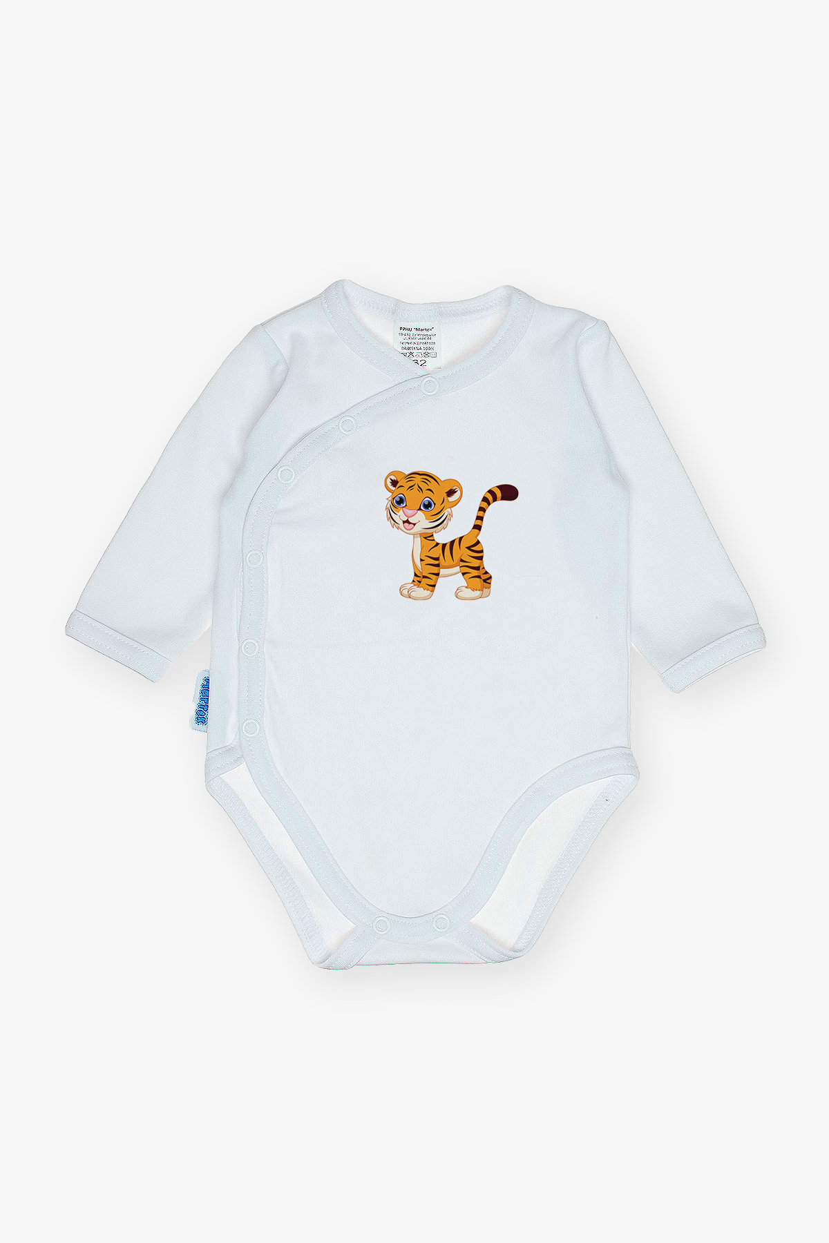 Białe body kopertowe z 100% bawełny zapinane na bezniklowe napki. Ozdobione kolorowym obrazkiem
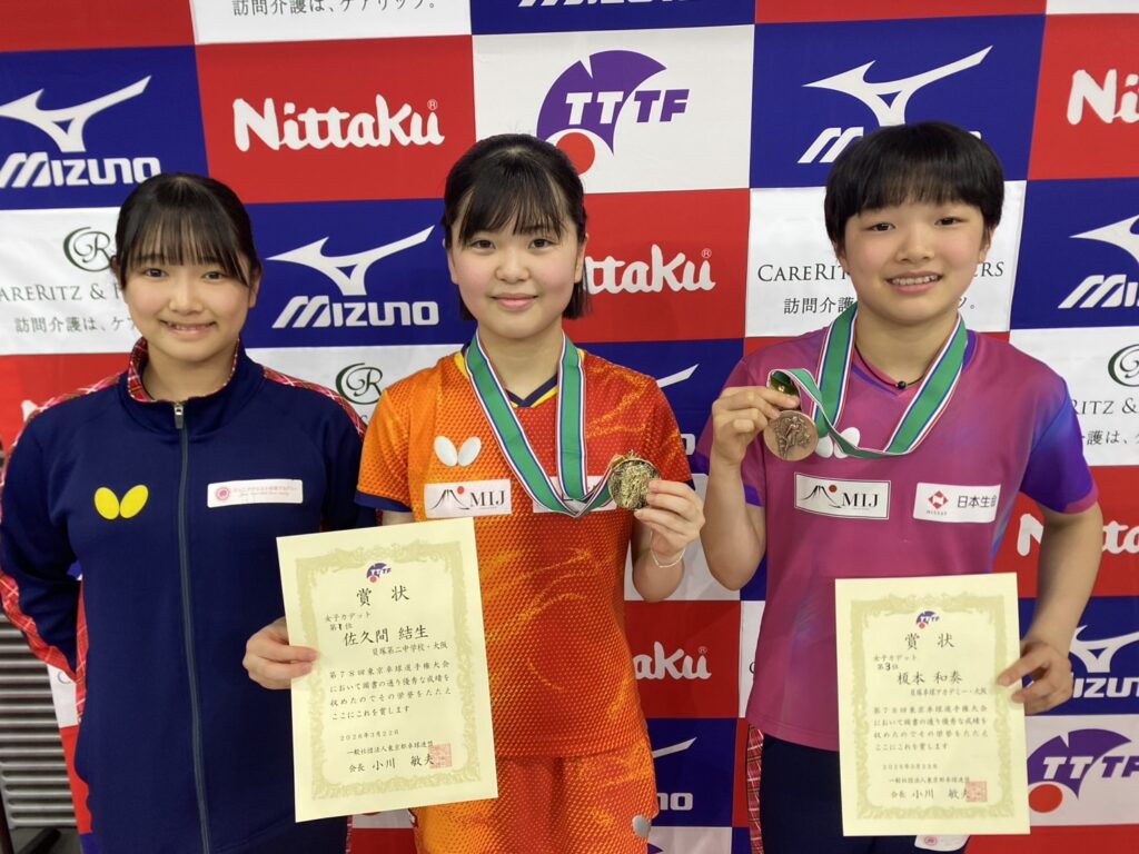 ☆TOKYO OPEN 2026第78回東京卓球選手権大会 カデットの部で佐久間結生選手が優勝!!! 榎本和奏選手が第3位☆
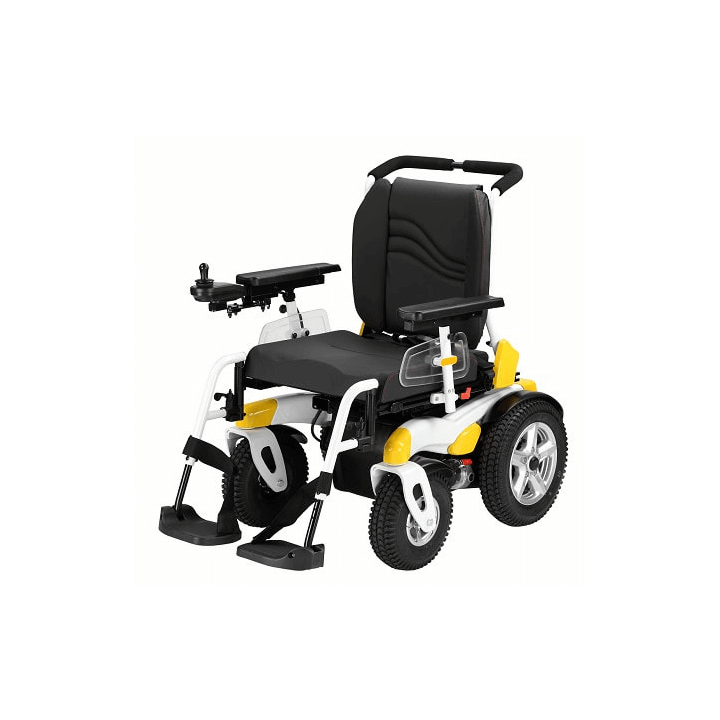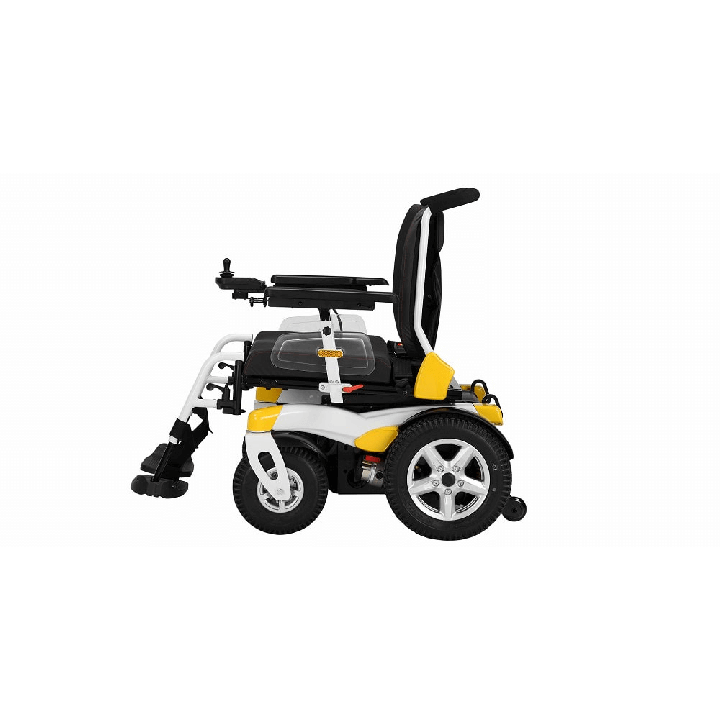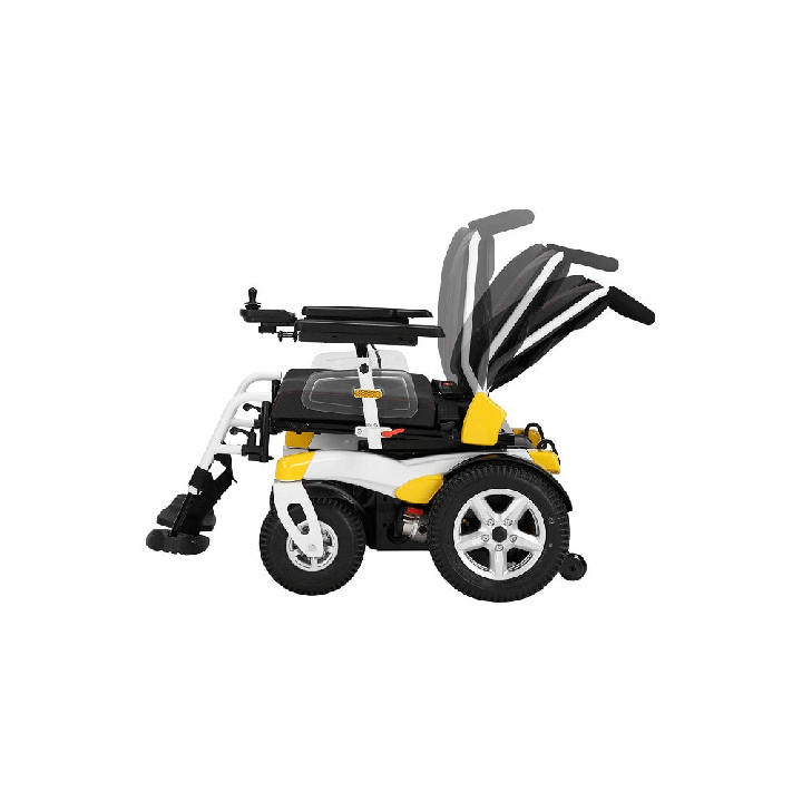 Los reposabrazos son ajustables en altura (20–28 cm) y desmontables. La suspensión de las ruedas traseras y las ruedas anti-pinchazos ofrecen confort, seguridad y bajo mantenimiento en cualquier tipo de terreno. Su radio de giro inferior a un metro permite una maniobrabilidad excelente tanto en interiores como exteriores.
........
Lines from the one that contains "2026第78回東京卓球選手権大会 カデットの部で佐久間結生選手が優勝!!! 榎本和奏選手が第3位☆" through the last line of the data above are to be extracted exactly, with no pictures and no other lines.

**SOLUTION FOR THIS PROBLEM**
 ☆TOKYO OPEN 2026第78回東京卓球選手権大会 カデットの部で佐久間結生選手が優勝!!! 榎本和奏選手が第3位☆
 Los reposabrazos son ajustables en altura (20–28 cm) y desmontables. La suspensión de las ruedas traseras y las ruedas anti-pinchazos ofrecen confort, seguridad y bajo mantenimiento en cualquier tipo de terreno. Su radio de giro inferior a un metro permite una maniobrabilidad excelente tanto en interiores como exteriores.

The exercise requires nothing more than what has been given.